Je constate avec une certaine satisfaction que les organisations professionnelles agricoles sont en train d’évoluer sur ce sujet. Elles sont d’accord avec le fait que les jeunes agriculteurs ne doivent pas s’endetter pour acquérir le foncier parce que l’entreprise agricole ne peut pas être rentable dans ces conditions. Par ailleurs, plus de la moitié des nouveaux exploitants qui vont venir remplacer ceux qui partent à la retraite ne viendront pas du monde agricole. En plus de l’acquisition du foncier, ils devront investir dans leur outil de travail… Donc, il ne faut absolument pas aller dans le sens du surendettement.

Pour revenir sur les groupements fonciers agricoles, il s’agit d’une forme de financiarisation de l’agriculture, ce que nous réprouvons. Ce sont de gros institutionnels qui vont investir ou ouvrir le capital de ces groupements fonciers.

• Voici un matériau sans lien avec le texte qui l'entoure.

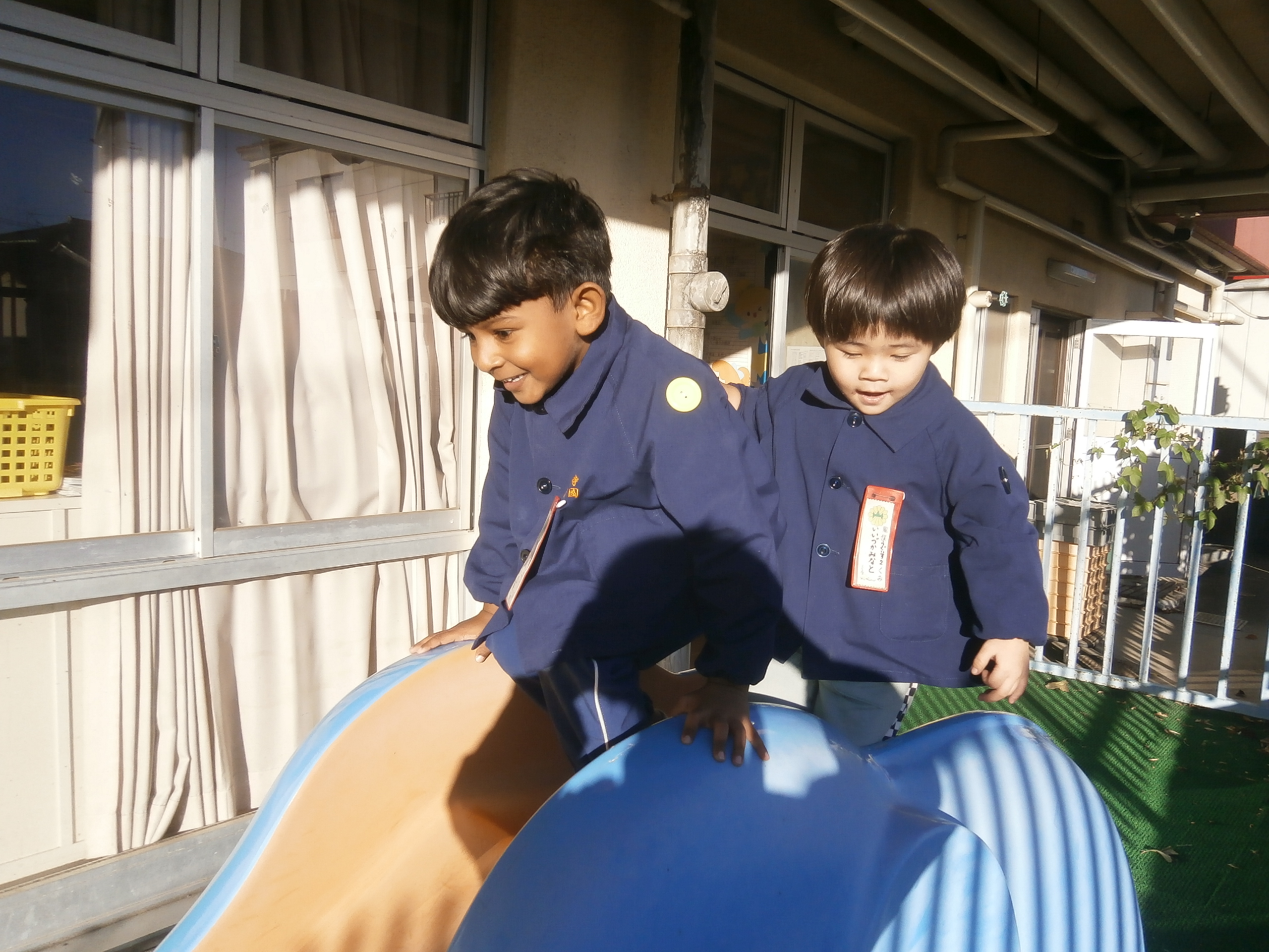 暖かい午後、お昼寝から起きておやつを食べた後。エネルギーチャージして元気いっぱい!ベランダで遊びました。滑り台を滑ったり、お友達とお家に入ったり園庭とはまた違った楽しさを味わいました。

Au-delà du fait que les GFAI ne répondront pas à la demande, aujourd’hui, nous cherchons à réconcilier l’agriculture française et les agriculteurs avec la société civile. Si demain, nous essayons de faire dialoguer un agriculteur avec des parts sociales, personnellement, je ne sais pas faire. En revanche, je sais faire dialoguer un agriculteur avec un détenteur personne physique de foncier.

Les notaires sont des acteurs importants du droit rural. Comment travaillez-vous avec le notariat ?

B. K.  : Pour répondre très sincèrement à votre question, nous nous sommes rapprochés du Conseil Supérieur du notariat (CSN) avec qui nous avons discuté. Je souhaite poursuivre ces échanges par des séances de travail avec le CSN.

Je suis un homme pragmatique. Et donc, peu importe le sens dans lequel ça se fait, mais le message que je veux faire passer, c’est que je suis bien sûr ouvert au développement des échanges avec la profession.

J’ai fait entrer au sein du conseil d’administration de la Fédération un notaire. Donc, c’est un signal clair que j’envoie à la profession. Nous représentons les quatre millions de propriétaires privés en France. Ce public très important mérite qu’effectivement, nous nous concertions. Nous devons essayer ensemble de trouver les meilleures solutions pour l’avenir du foncier rural.

Quels sont les sujets que vous souhaiteriez voir avancer avec la profession ?

B. K.  : Ces professionnels du droit voient passer toutes les opérations de succession de terres agricoles et donc de foncier en France.

J’ai déjà évoqué les questions entourant les successions et l’évolution du statut du fermage et des baux ruraux. Nous souhaitons promouvoir autant que possible le bail à long terme, d’une durée de 25 ans. Mais nous savons qu’il y a quelques réticences à ce sujet. Ces réticences amènent des remarques du type « un bail à long terme, cela doit être enregistré, il y a un certain formalisme à respecter, c’est compliqué, ça coûte cher, etc. ». Nous devons certainement réfléchir ensemble à simplifier le processus de mise en place des baux ruraux. Rien n’est plus important que la rédaction d’un bail avec un état des lieux à l’entrée et à la sortie. Ces dispositions ont pour but de limiter les mauvaises surprises pour le propriétaire à l’échéance du bail.